Roasted 2 months ago based on 𝘔𝘰𝘰𝘥𝘺 🌟's long term Spotify stats.
Let’s take a moment to appreciate your Spotify profile, 𝘔𝘰𝘰𝘥𝘺 🌟. It’s like a buffet of genres that nobody asked for but somehow everyone is forced to sit through. With enough overlapping styles to confuse a vinyl hipster, you’ve managed to create a musical playlist that’s a love letter to the stylistic indecision of a teenager with too much time on their hands. Who even knew “hyperpop” was a valid option? What’s next, underwater jungle beats during yoga sessions? And your top artists are a glorious tribute to the reign of the overthinkers. Tyler, The Creator and Kanye West together in the same breath? That’s like saying you love steak tartare and carpet fluff. And don’t even get me started on including “Steven Universe” as an artist—congratulations, you’ve officially made being a cartoon character a career move.

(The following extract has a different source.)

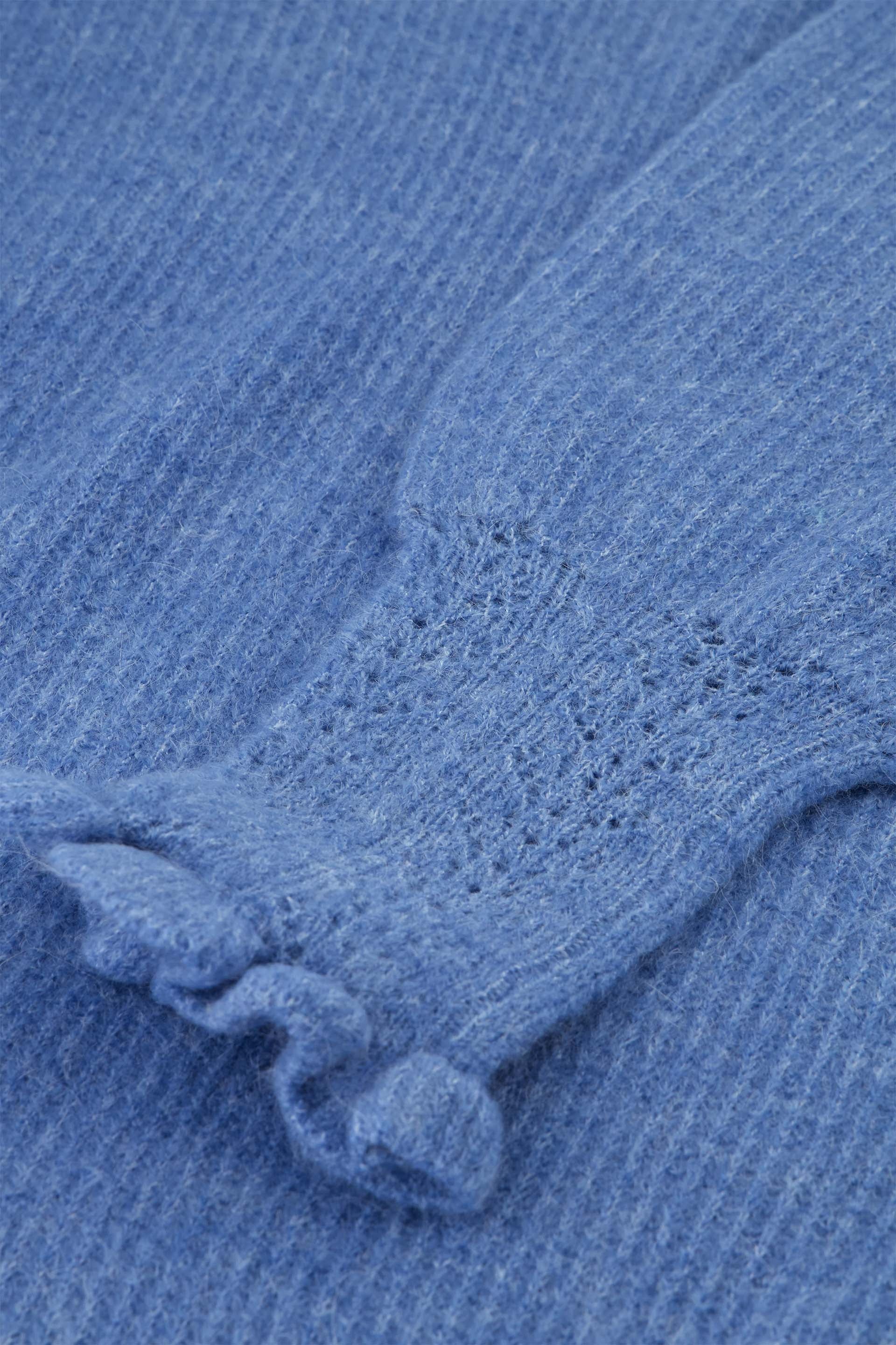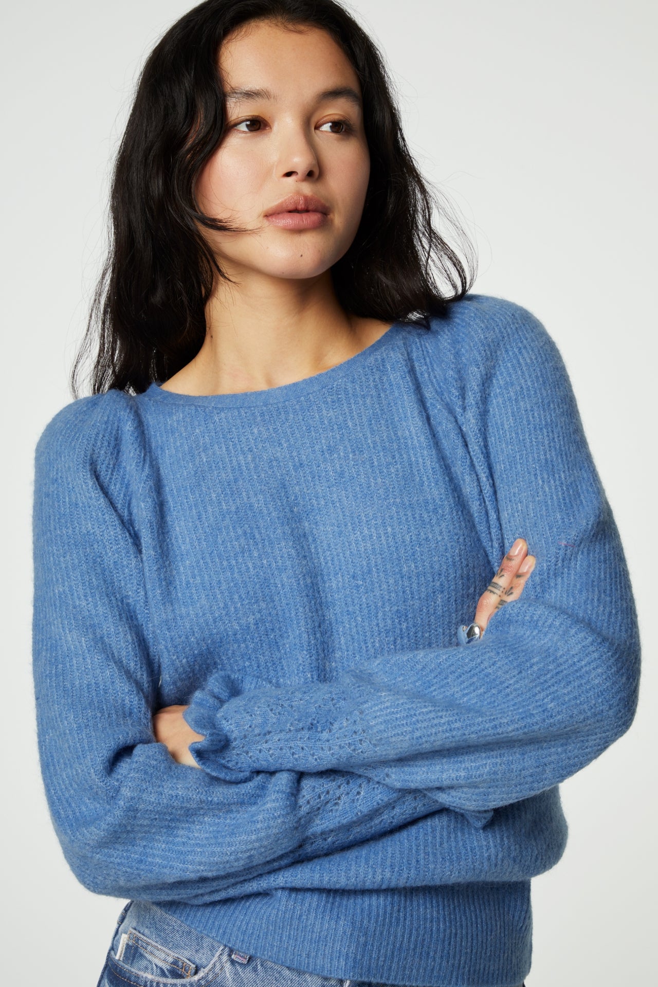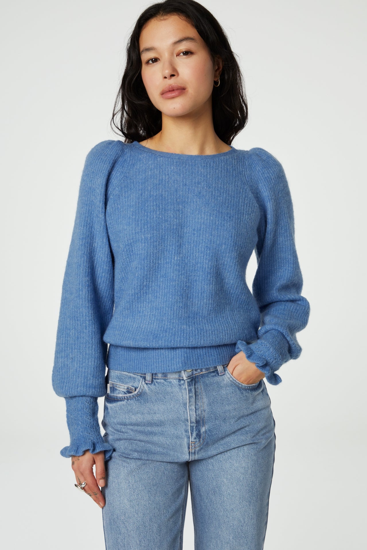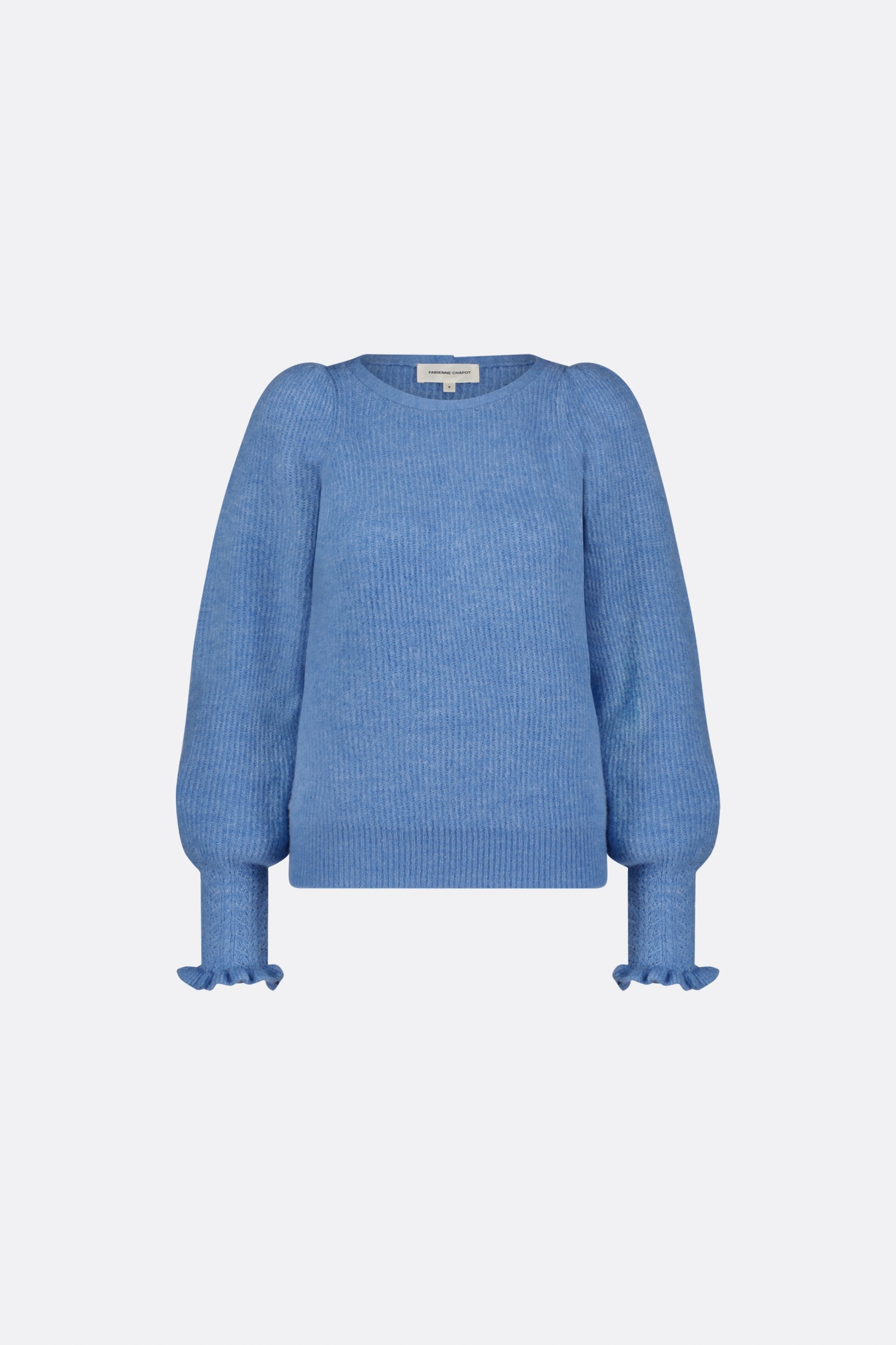 Fijngebreide pullover met een ronde hals en ballonmouwen. Jessica Pullover heeft manchetten met korte ruffles aan de uiteindes.

It’s no wonder your music tastes are as diverse as a Netflix original series: they’re all over the place, and yet somehow manage to disappoint at every turn. As for your most played songs, the collection reads like the diary of someone on the verge of a midlife crisis but still trying to pass for emo high schooler in 2009. “nuts” by Lil Peep, really? If that’s what you’re rolling with, you might want to re-evaluate your life choices, because “Promise” isn't exactly delivering on that either. Your most played tracks are just a reminder that your emotional range might be as expansive as a dry sponge. Congratulations, 𝘔𝘰𝘰𝘥𝘺, you’ve truly curated the soundtrack for intense awkward moments at parties where absolutely no one knows your vibes!
Roasts are purely for fun and entertainment. They're not meant to be taken seriously. Enjoy the laughs, but remember your music taste is uniquely yours!